I guess that means my girls aren't proper hoodies.


----------



## dkirschling (Mar 20, 2007)

Thanks for the example, I understand now. Ok, now that I've got that straightened out, what are ratties with creamy coloring called? They have creamy hoods and white bodies. I know their parents are both black hooded. I'm not breeding them or anything, I'm just curious.


----------



## Vixie (Jul 21, 2006)

There are different shades with different names...

This site is kind of a hassle but it has many pictures to get a good idea.

http://www.ratbreeding.com/Coat_Color_Photos.htm


----------



## Sara_C (Mar 10, 2007)

They're still just hoodeds - the cream is probably called champagne or dove (by show standards), depending on the shade of cream and whether they have red or black eyes.


----------



## lilspaz68 (Feb 24, 2007)

with black hoodie parents you most likely have beige hooded, some people say tan. If its very light it could be champagne but then there's things like eye colour that help you figure it out...pink eye, ruby eye and blackeyed. Those orangey coloured rats are fawn (ruby eyes) and the lighter orangey ones with the pink eyes are called silver fawn...can you post a pic of your rat?


----------



## dkirschling (Mar 20, 2007)

Here's a photo of Sprinkles (left) and Pimento (right).
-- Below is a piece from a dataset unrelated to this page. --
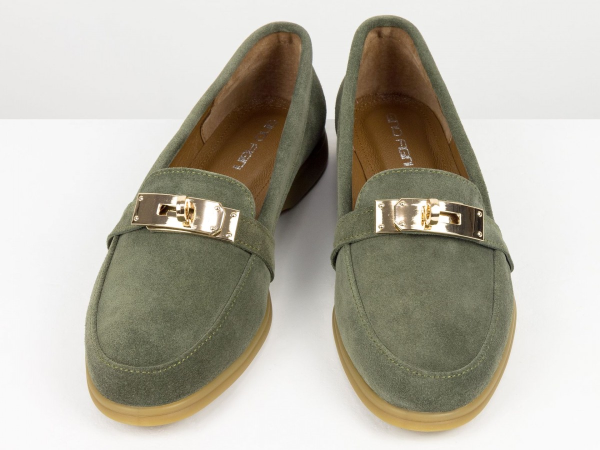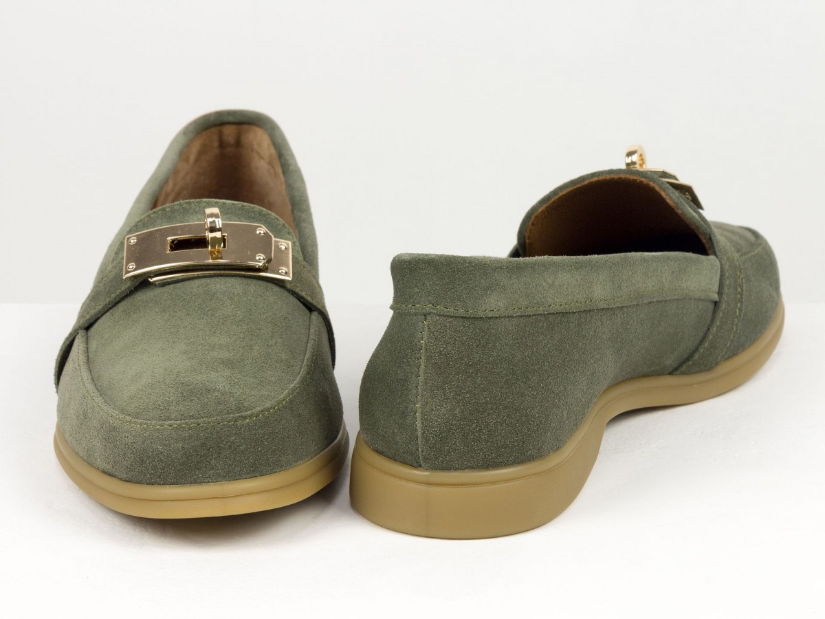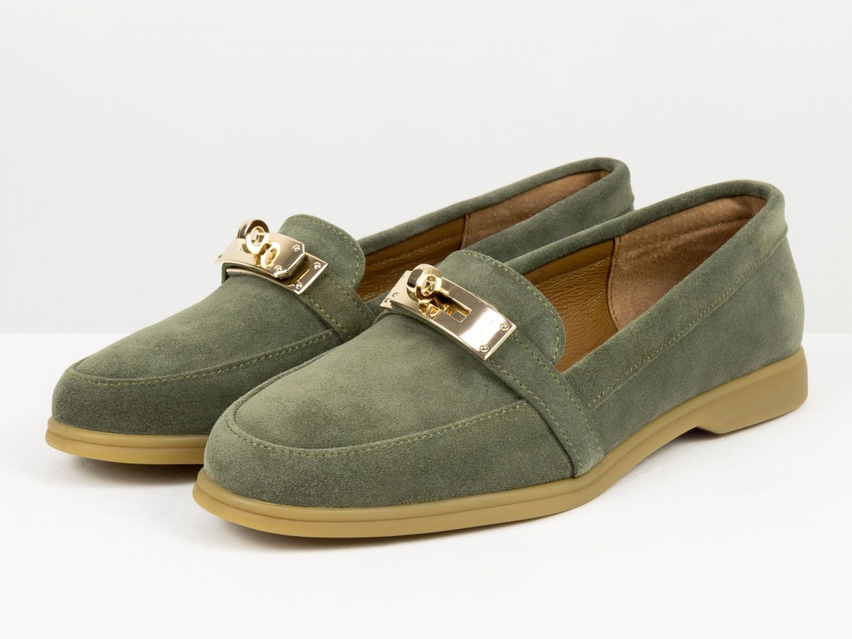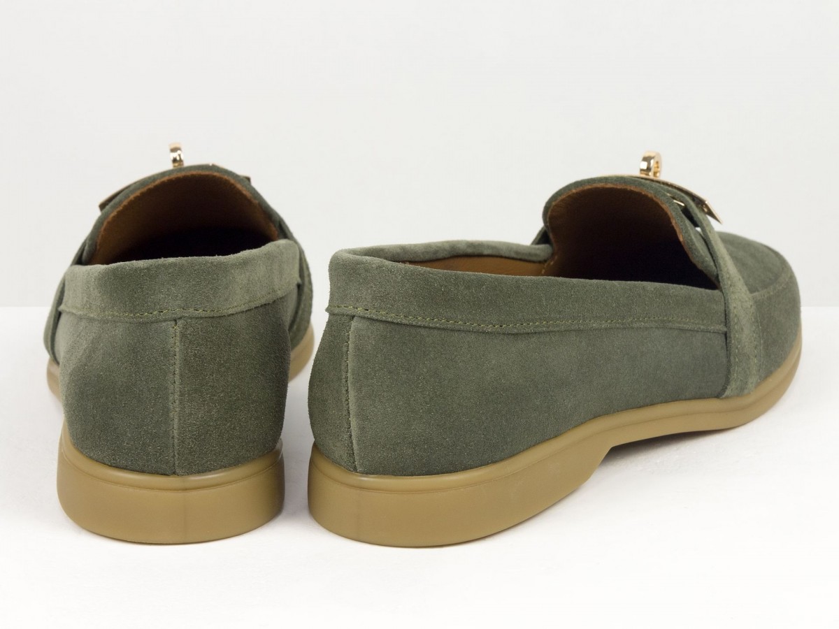 Вишукані жіночі лофери, виконані з натуральної замші, ідеально підкреслять ваш щоденний стиль. Стильний металевий декор додає елегантності, а м’яка підкладка гарантує комфорт протягом усього дня. Ідеальний вибір як для ділових образів, так і для повсякденного стилю.
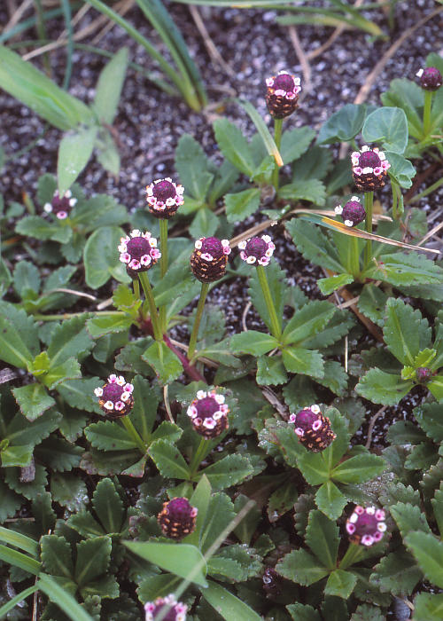 花は葉腋から花茎を伸ばし先端に円柱状の穂状花序をつけ、花は扇状の苞の間につき、花冠は紅紫色でやや唇形、直径約2mm。

So cute!


----------



## dkirschling (Mar 20, 2007)

Sorry, that was a really BIG photo!


----------



## Sara_C (Mar 10, 2007)

The creamy coloured one looks like a buff or like Lilspaz said maybe just a beige. Beige colours can be quite hard to pinpoint and some are just 'beige' and not one of the rarer colours like dove or champagne. I love beige colouring though, i think it's definately one of the most beautiful  Are the little cream one's eyes black, or deep-ruby?


----------



## lilspaz68 (Feb 24, 2007)

Looks like you own (or she owns you) a lovely beige hooded rat. Often beige and black hoodies are born in the same litter. 
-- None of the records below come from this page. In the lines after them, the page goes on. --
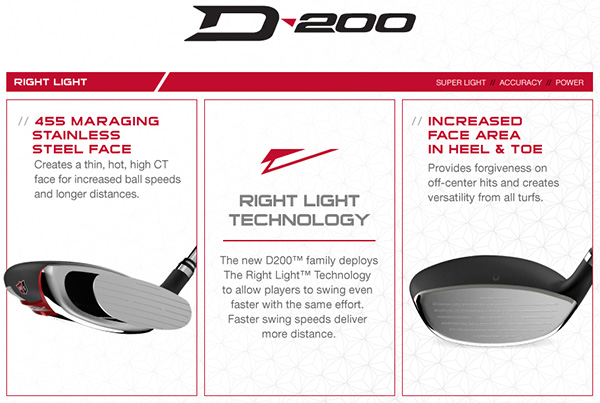 The Wilson Staff D200 fairway woods – designed for the Distance player needing power, accuracy and a confidence-inspiring look at address – features a premium Carpenter Custom 455 maraging steel face insert which maximizes distance from the tee, fairway or rough. PREMIUM FACE INSERTThe premium Carpenter Custom 455 maraging stainless steel face insert creates a thin, hot, high CT face for increased ball speeds and longer distances. OPTIMIZED FACE AND CLUB HEAD DESIGNAn increase in face area, especially in the heel and toe areas, promotes forgiveness and improved ball speeds on off-center hits. Rounded sole designs yield versatility from all playing conditions. RIGHT LIGHT TECHNOLOGYThe Right Light Technology, achieved through optimizing the distribution of the fairway wood's limited available mass with a thin variable face, allows golfers to swing even faster with the same effort.
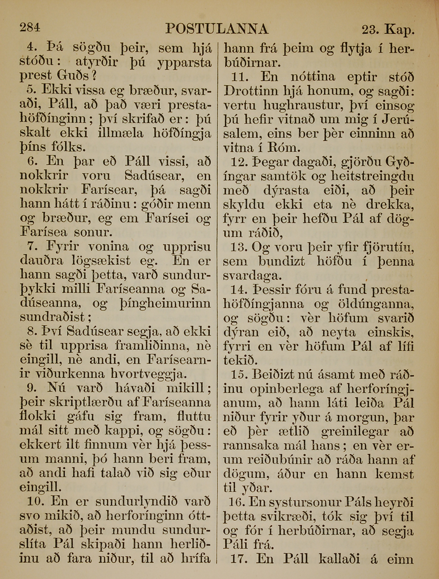1863年冰島語新約全書 使徒行傳 23 章 4 節到 23 章 17 節
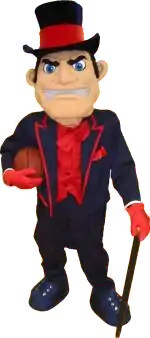 At the December 13, 2008 game versus West Virginia, Duquesne introduced its new human-figure mascot to replace the 7-foot-tall (2.1 m) character mascot. The mascot traditionally sports its black jacket with coat-tails and overbearing top-hat.
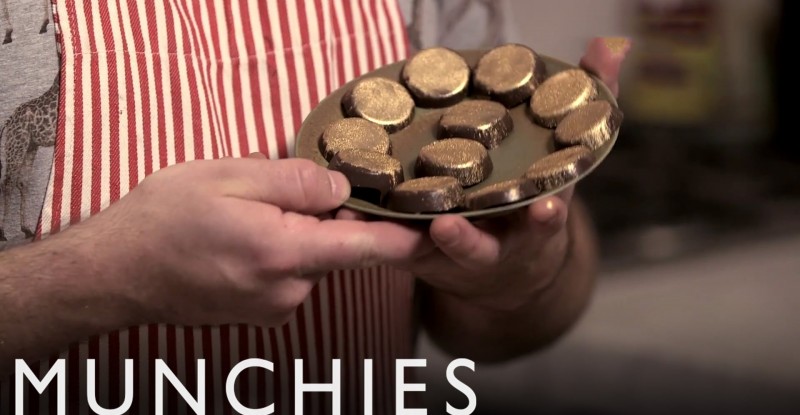 4:26 what hte fuck? All you did was melt chocolate and then color it gold
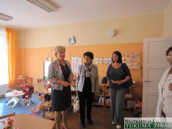 Engures pirmsskolas izglītības iestāde «Sparīte» Izglītības pārvaldes darbinieces sagaidīja bērnudārza vadītāja Sandra Ozoliņa un novada domes priekšsēdētāja vietnieks Andris Kalnozols. Te redzamais pirmais jaunums – visām nojumēm grīdas ir nomainītas. Tiek pabeigta jaunās, interaktīvas klases iekārtošana. Bērnudārzā izremontēts ēdināšanas bloks.

Here are my beige hoodies with one of my fawn girls behind


----------



## JennieLove (Jan 2, 2007)

Is this considerd beige? Jay's is very much lighter than lilspaz68 Cutie pies, so don't know if it would go under a different name. 

Sorry the last two pictures are kinda big! LMAO


----------



## lilspaz68 (Feb 24, 2007)

Yeah he is considered beige. I have a light beige girl too.










Does your boy have microphthalmus? Or does one eye look smaller in the pic only? I have a girl with this as well.


----------



## JennieLove (Jan 2, 2007)

He had an eye hemorrhage. Not sure exactly how it happend, the doc said that he could have fallen or played too rough with Bob. His eye will continue to shrink, it may eventually fall out but its not for sure. 

You babies are beautiful!


----------



## lilspaz68 (Feb 24, 2007)

JennieLove said:


> He had an eye hemorrhage. Not sure exactly how it happend, the doc said that he could have fallen or played too rough with Bob. His eye will continue to shrink, it may eventually fall out but its not for sure.
> 
> You babies are beautiful!


ahh poor boy...he might need an enucleation one day. 

My girl has micropthalmus which means one or both of her eyeballs are too small, and its from bad breeding. Her brother also has it. A friend and I took in a full family of rats about to be euthanized at a high-kill shelter, when the babies were 6 weeks old. 
Here is little Lucine at the front with her sisters and her rexy mom on the left.










Thank you about Cleo and Tosca, they are very cute monsters.


----------



## STUgirl55 (Feb 6, 2007)

Monsters?

Jay is adorable! It's kind of cute and sad at the same time. It's too bad about his eye, he kind of looks like a cartoon character though which is adorable.


----------



## STUgirl55 (Feb 6, 2007)

I've got a little girl who is that kind of tannish colour too, and a black hoodie. They seem to be a common pair!

And of course I've got the 15 little berks. Course it'll be less soon (sad to see them go, happy to see them go to good homes)


----------



## JennieLove (Jan 2, 2007)

Yeah, the doc said if it does cause him problems later on down the road it will need to be removed. He gets check ups and so far its doing just fine! It happend when he was about 3-4 months old I think and he's over 1 year now. 

Awww. Lucine is beautiful


----------



## Sara_C (Mar 10, 2007)

My eldest rat (Oscar) was born with no eyes whatsoever...bad breeding. I rescued him from the pet store i work at; we kept him, as we knew what sending him back to the breeder would mean :/ ...and i was the member of staff that fell in love and ended up taking him home. 

I'll post some pics if/when i can get them uploaded


----------



## lilspaz68 (Feb 24, 2007)

STUgirl55 said:


> Monsters?


Cleo and Tosca are very sweet, loveable monsters. They are tiny little girls that cause a huge fuss in their cage. Cleo I took in when she got pregnant and had a tiny eeper. I took them in but the baby didn't make it. I named her and she is buried with one of my loving rats up at my mom's. Tosca (dumbo) is a whiner (ever heard baby rats complain?) well she is like that constantly...LOL
I lubs my monsters tho. *heart*


----------